257 points pg | 3 comments | 19 Jan 11 18:41 UTC | HN request time: 0.805s | source

Show context

mmaunder ◴[19 Jan 11 22:16 UTC] No.2121495[source]▶

>>2120756 (OP) #

"In 7 seconds, a hundred or more connections accumulate. So the server ends up with hundreds of threads, most of them probably waiting for input (waiting for the HTTP request). MzScheme can be inefficient when there are 100s of threads waiting for input -- when it wants to find a thread to run, it asks the O/S kernel about each socket in turn to see if any input is ready, and that's a lot of asking per thread switch if there are lots of threads. So the server is able to complete fewer requests per second when there is a big backlog, which lets more backlog accumulate, and perhaps it takes a long time for the server to recover."

I may have misunderstood but it sounds like you have MzScheme facing the open internet? Try putting nginx (or another epoll/kqueue based server) in front of MzScheme. It will handle the thousands of connections you have that are waiting for IO with very little incremental CPU load and with a single thread.
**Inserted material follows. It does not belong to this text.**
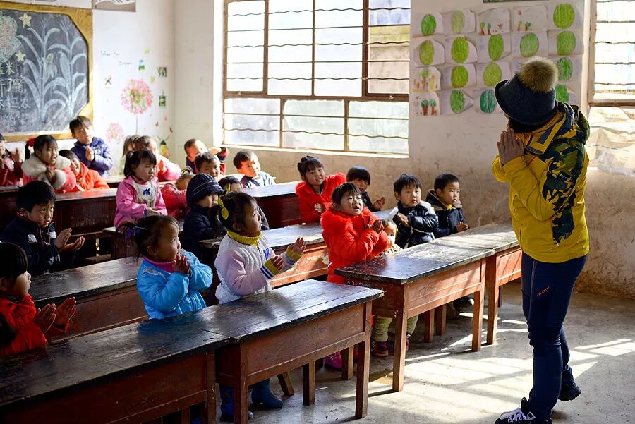 這次,有和孩子們的互動交流,有新的課桌和過年新衣服,有童話書和作業本。威寧的冬天異常寒冷,大家還籌備了每位老師和孩子每人一個保溫杯,不是名牌,但保溫效果還是很不錯的。兩位陌生的姑娘,從重慶自駕車七八個小時過來,為孩子們上了一節音樂課。

Then when nginx reverse proxies to MzScheme each request happens very fast because it's local which means you need much fewer threads for your app server. That means less memory and less of the other overhead that you get with a high thread count.

An additional advantage is that you can enable keepalive again (right now you have it disabled it looks like) which makes things a faster for first-time visitors. It also makes it slightly faster for us regulars because the conditional gets we do for the gif's and css won't have to reestablish connections. Less connections established means you give your OS a break too with fewer syn/syn-ack/ack TCP handshakes.

Someone mentioned below that reverse proxies won't work for HN. They mean that caching won't work - but a reverse proxy like nginx that doesn't cache but handles high concurrency efficiently should give you a huge perf improvement.

PS: I'd love to help implement this free. I run a 600 req/sec site using nginx reverse proxying to apache.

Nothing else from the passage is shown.